The 44 legislatures that have the authority to rewrite the congressional maps (commissions do the work in the other six states) will set to work early in 2001 after the Census Bureau releases its population numbers later this year. The impact will be felt after the 2002 elections. Six of the 44 states are expected to have only one seat in Congress, so those legislatures do not have to draw congressional lines.

"State legislatures are enormously important to the lives of people. They're especially important every 10 years because of the responsibility most of them have-not all-for redistricting and for the impact on Congress," says Alan Rosenthal of the Eagleton Institute of Politics at Rutgers University. "Forgetting this is a redistricting year, they have taken on more responsibility for more issues over the past 10 or 20 years. They always had a great connection with people's lives, now they have even more of a connection with people's lives."

This year, there are 5,910 seats out of 7,424 up for election in 44 states.

"I'd say we are in a period of competitive politics," says Rosenthal. "I'd say two-thirds of the 99 legislative chambers are competitive.
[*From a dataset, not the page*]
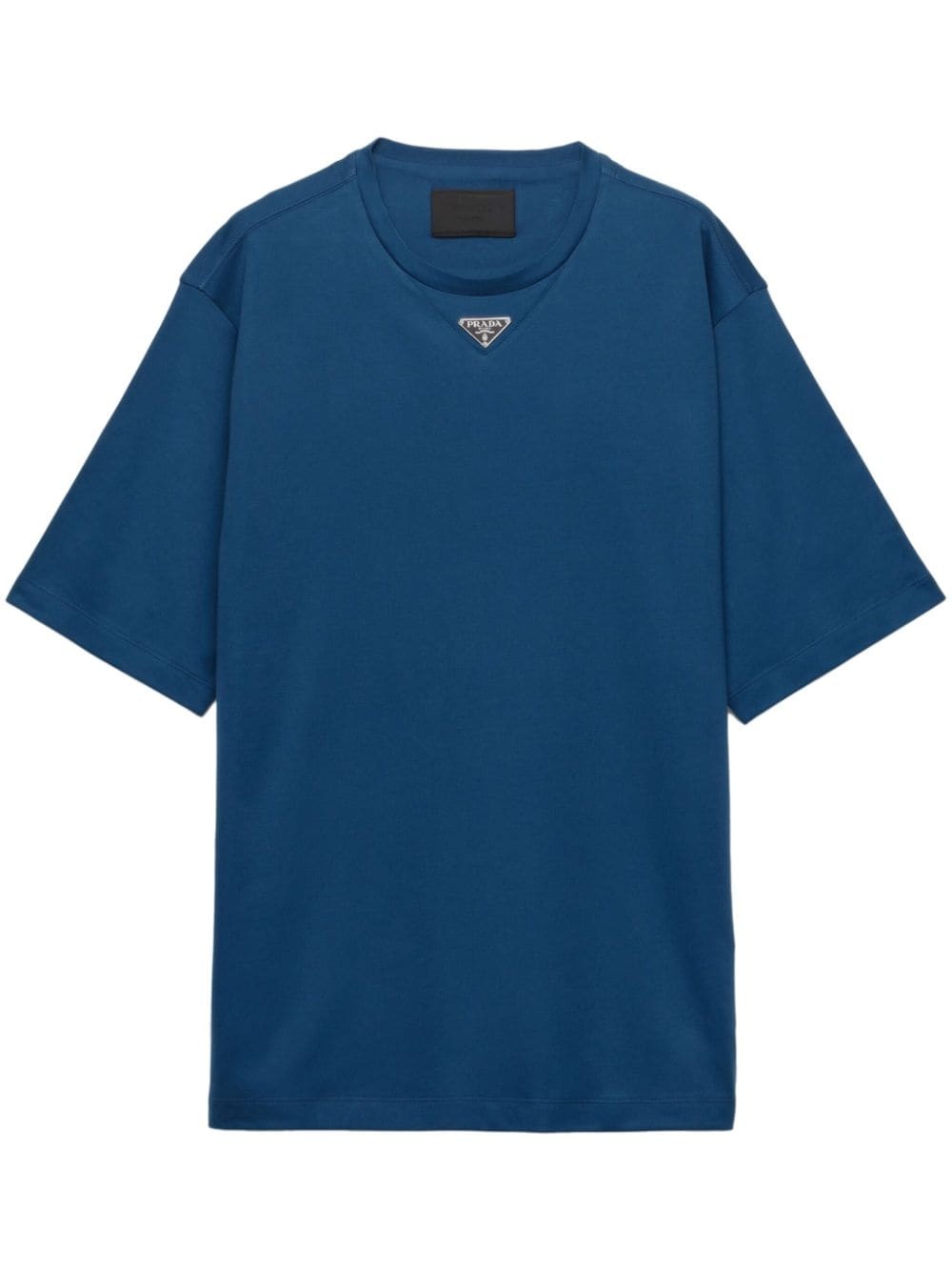 triangle logo cotton t-shirt Highlights - Blue - Cotton - Crew neck - Enamel triangle logo - Short sleeves - Straight hem Composition Cotton 100%
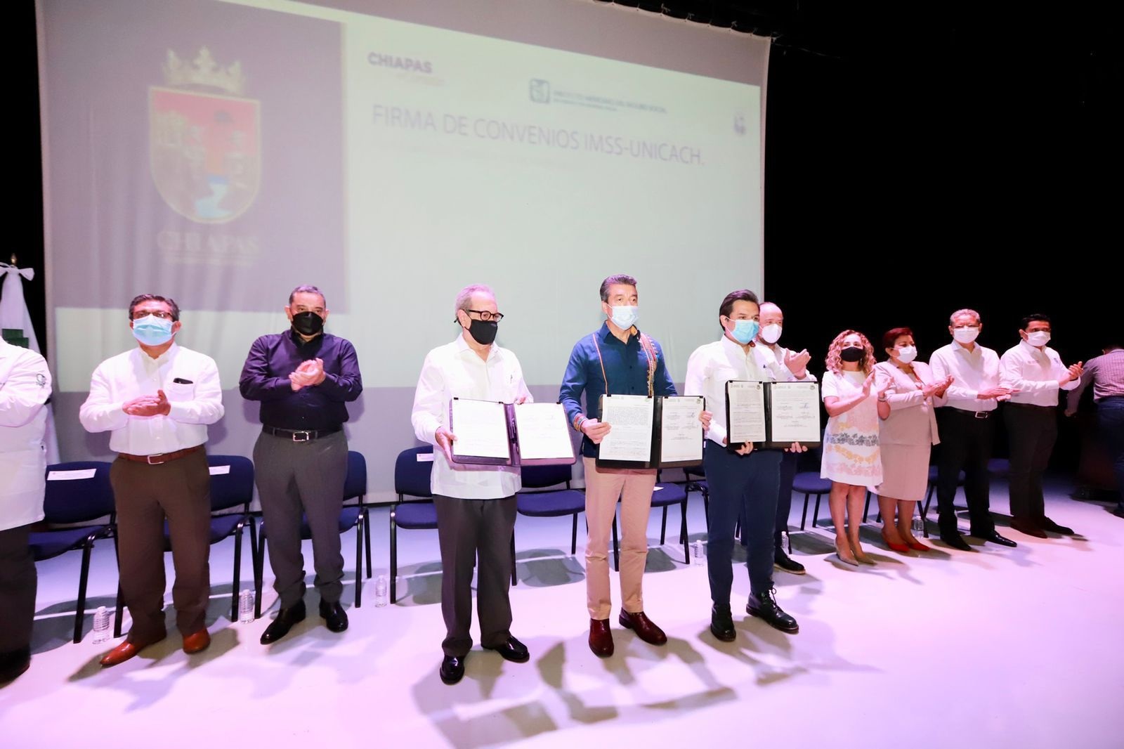 El titular del IMSS añadió que con la firma de estos convenios se otorga certeza en el porvenir de las trabajadoras y los trabajadores de esta universidad, lo cual fue posible gracias a la corresponsabilidad de la Unicach, porque pagó con el apoyo del Gobierno de Chiapas el 20 por ciento de los adeudos, un total de 34 millones 846 mil pesos.

Either party can win, and that's what's important in an election."

In the past three elections, the Midwest and the South have been the legislative battlegrounds. Republicans have made significant inroads in the South, taking control of the Florida House in 1996 for the first time since Reconstruction (they now control it 75-45) and increasing their hold on the Senate. The GOP also holds the majority in the Virginia House 52-47 and the Senate 21-18. They have made inroads in Georgia.

MAJOR ISSUES
And what about the issues? The number one issue in the country is a state issue: education. It's a concern, according to polls, that centers on two somewhat different things: that schools may not be teaching the values children need and that the new economy demands highly skilled and educated people.

"Even people in places like Silicon Valley are absolutely manic about the subject of education because they know how competitive the economy is, how difficult it is to keep up with rapid technological change," says Schneider. "They're terrified their children won't have the skills to compete.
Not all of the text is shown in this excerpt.